(Excerpts from a dataset)

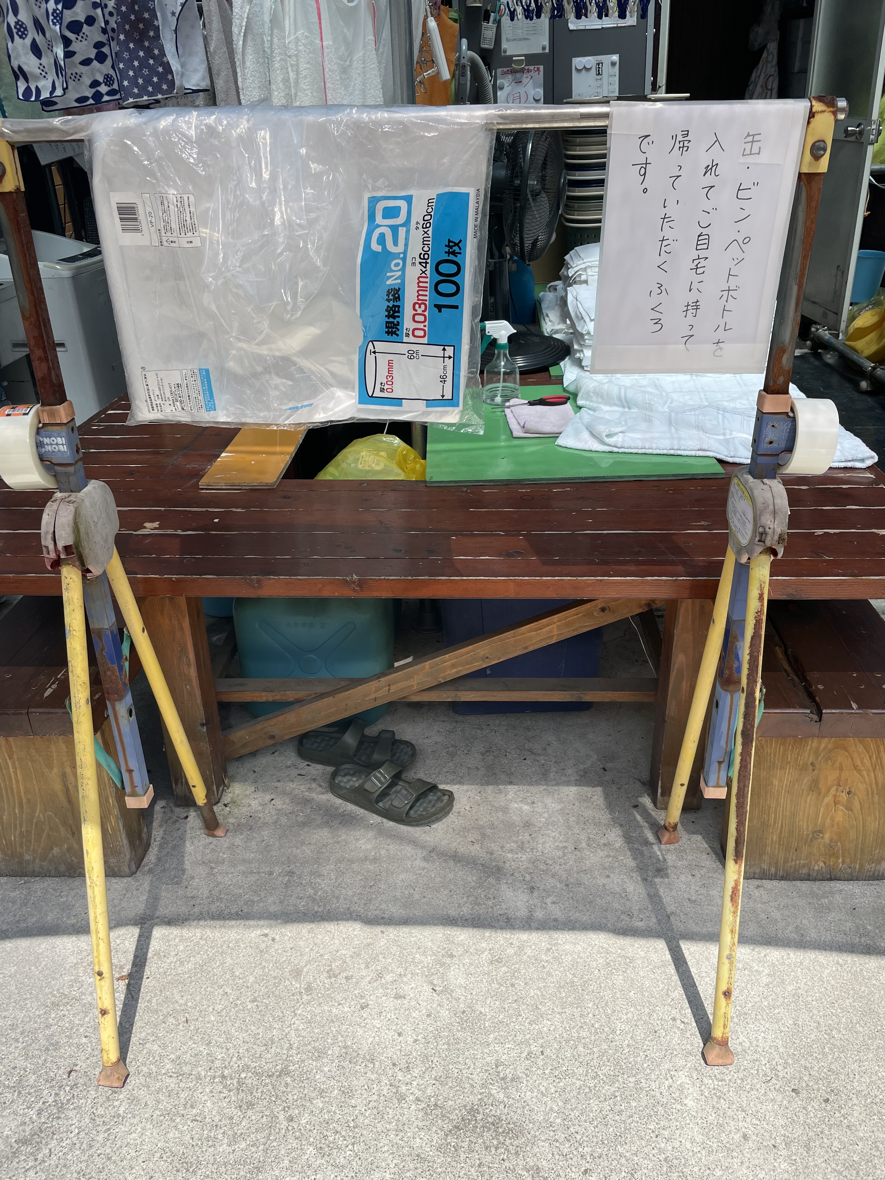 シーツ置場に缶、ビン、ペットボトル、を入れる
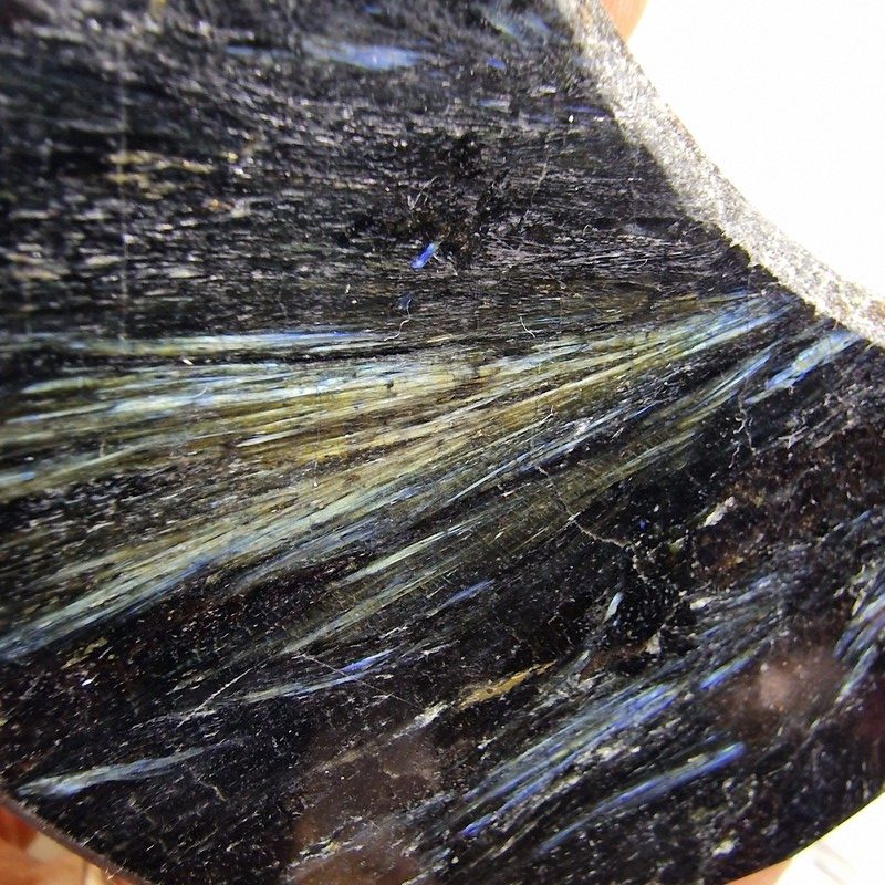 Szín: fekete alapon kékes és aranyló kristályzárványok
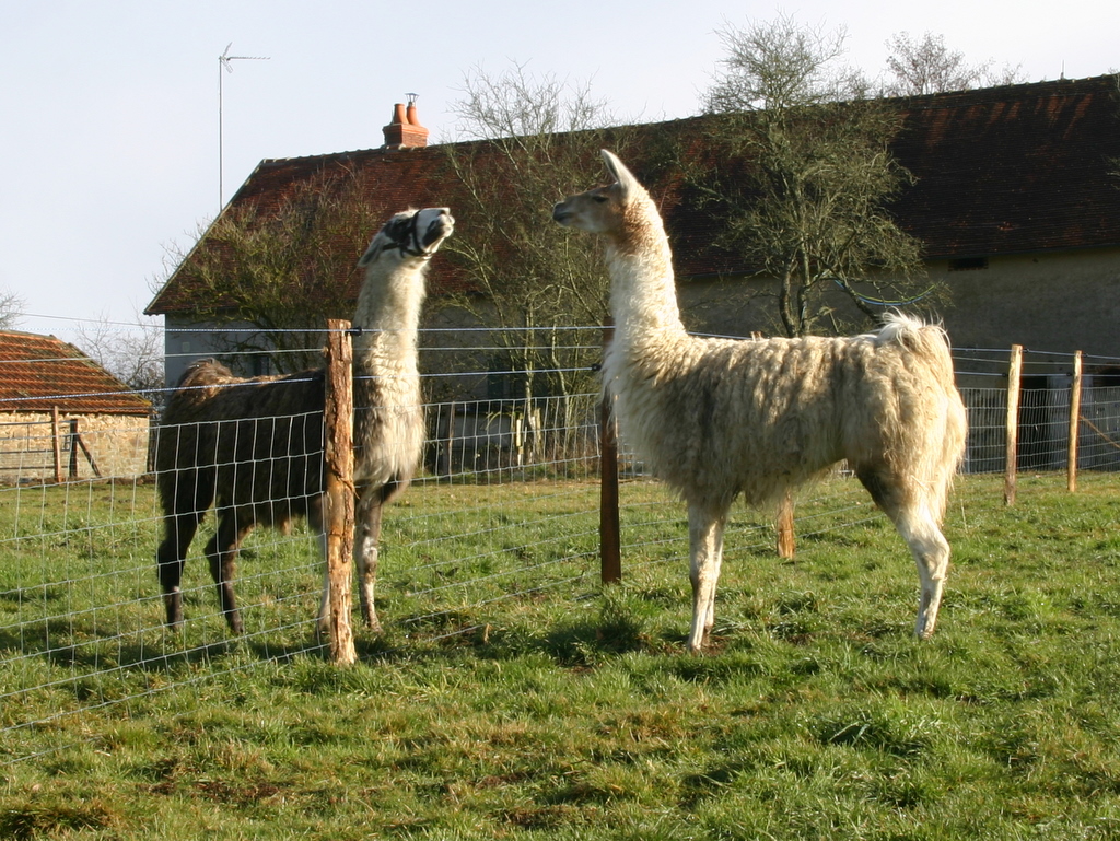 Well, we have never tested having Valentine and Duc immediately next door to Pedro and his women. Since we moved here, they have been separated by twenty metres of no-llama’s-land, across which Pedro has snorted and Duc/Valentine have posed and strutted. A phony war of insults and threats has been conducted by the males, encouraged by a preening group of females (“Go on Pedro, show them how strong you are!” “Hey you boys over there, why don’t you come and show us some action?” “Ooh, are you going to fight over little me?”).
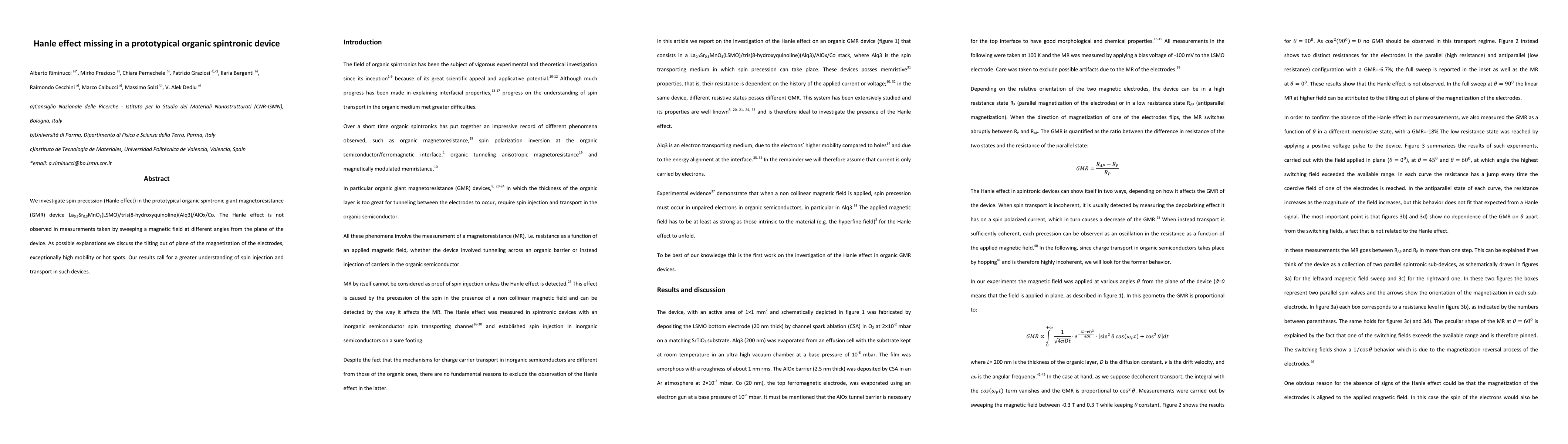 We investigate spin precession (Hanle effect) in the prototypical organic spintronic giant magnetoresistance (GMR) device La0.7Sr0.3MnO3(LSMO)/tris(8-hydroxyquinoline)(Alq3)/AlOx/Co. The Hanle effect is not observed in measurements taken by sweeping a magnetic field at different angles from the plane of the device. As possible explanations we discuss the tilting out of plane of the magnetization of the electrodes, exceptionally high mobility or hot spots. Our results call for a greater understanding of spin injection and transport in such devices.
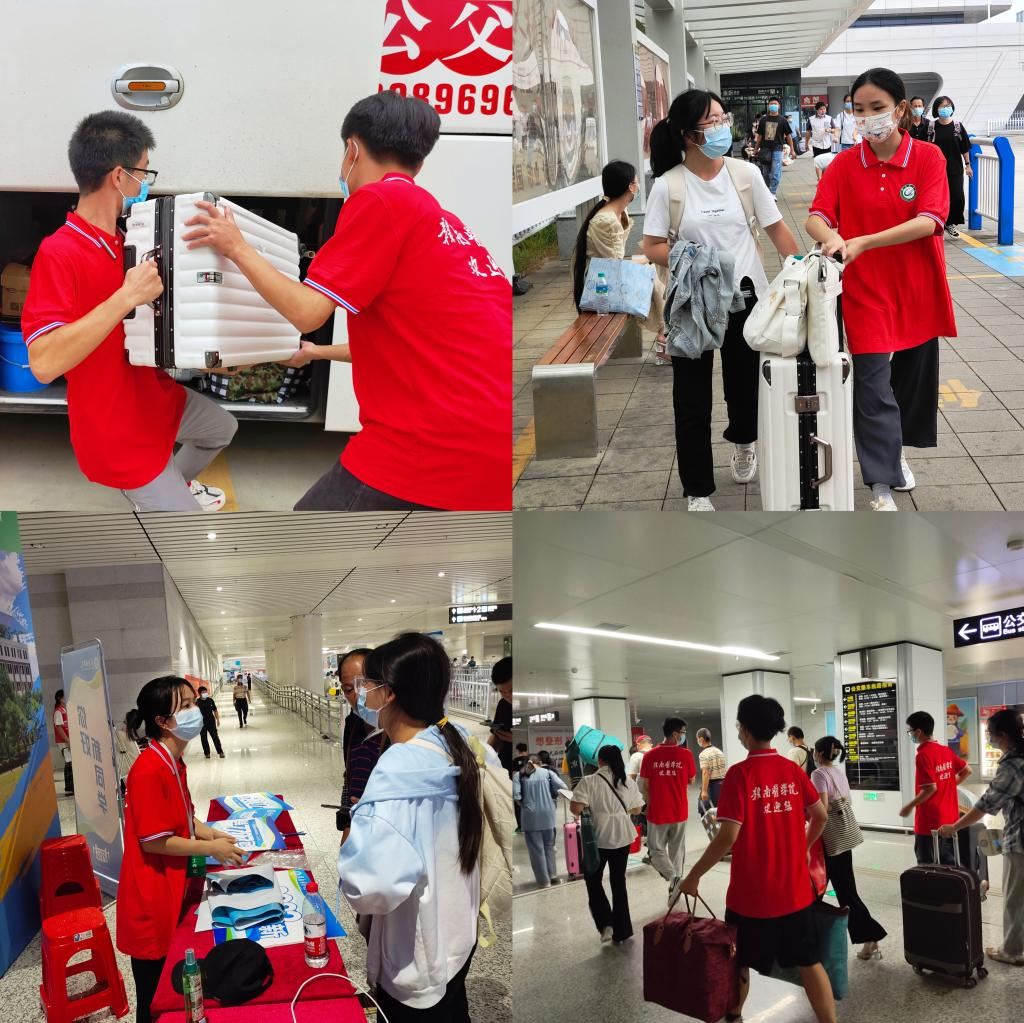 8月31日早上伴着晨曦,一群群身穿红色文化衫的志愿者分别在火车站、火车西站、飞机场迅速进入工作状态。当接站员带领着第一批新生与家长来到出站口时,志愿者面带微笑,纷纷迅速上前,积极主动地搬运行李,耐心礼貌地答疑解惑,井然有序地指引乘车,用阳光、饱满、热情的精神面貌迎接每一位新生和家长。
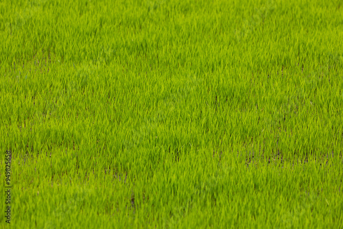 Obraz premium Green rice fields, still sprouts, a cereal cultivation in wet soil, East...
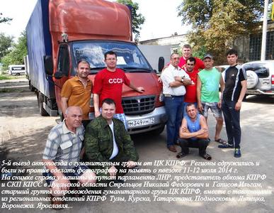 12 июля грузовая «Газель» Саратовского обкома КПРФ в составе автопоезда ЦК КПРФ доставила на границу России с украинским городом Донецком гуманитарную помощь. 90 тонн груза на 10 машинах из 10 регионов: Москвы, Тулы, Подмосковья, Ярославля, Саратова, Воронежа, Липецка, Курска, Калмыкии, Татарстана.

- [WHAT IS BEING ASKED]: Please print each record above again exactly, but omit any pictures.

- [RESPONSE BOX]:
 シーツ置場に缶、ビン、ペットボトル、を入れる
 Szín: fekete alapon kékes és aranyló kristályzárványok
 Well, we have never tested having Valentine and Duc immediately next door to Pedro and his women. Since we moved here, they have been separated by twenty metres of no-llama’s-land, across which Pedro has snorted and Duc/Valentine have posed and strutted. A phony war of insults and threats has been conducted by the males, encouraged by a preening group of females (“Go on Pedro, show them how strong you are!” “Hey you boys over there, why don’t you come and show us some action?” “Ooh, are you going to fight over little me?”).
 We investigate spin precession (Hanle effect) in the prototypical organic spintronic giant magnetoresistance (GMR) device La0.7Sr0.3MnO3(LSMO)/tris(8-hydroxyquinoline)(Alq3)/AlOx/Co. The Hanle effect is not observed in measurements taken by sweeping a magnetic field at different angles from the plane of the device. As possible explanations we discuss the tilting out of plane of the magnetization of the electrodes, exceptionally high mobility or hot spots. Our results call for a greater understanding of spin injection and transport in such devices.
 8月31日早上伴着晨曦,一群群身穿红色文化衫的志愿者分别在火车站、火车西站、飞机场迅速进入工作状态。当接站员带领着第一批新生与家长来到出站口时,志愿者面带微笑,纷纷迅速上前,积极主动地搬运行李,耐心礼貌地答疑解惑,井然有序地指引乘车,用阳光、饱满、热情的精神面貌迎接每一位新生和家长。
 Obraz premium Green rice fields, still sprouts, a cereal cultivation in wet soil, East...
 12 июля грузовая «Газель» Саратовского обкома КПРФ в составе автопоезда ЦК КПРФ доставила на границу России с украинским городом Донецком гуманитарную помощь. 90 тонн груза на 10 машинах из 10 регионов: Москвы, Тулы, Подмосковья, Ярославля, Саратова, Воронежа, Липецка, Курска, Калмыкии, Татарстана.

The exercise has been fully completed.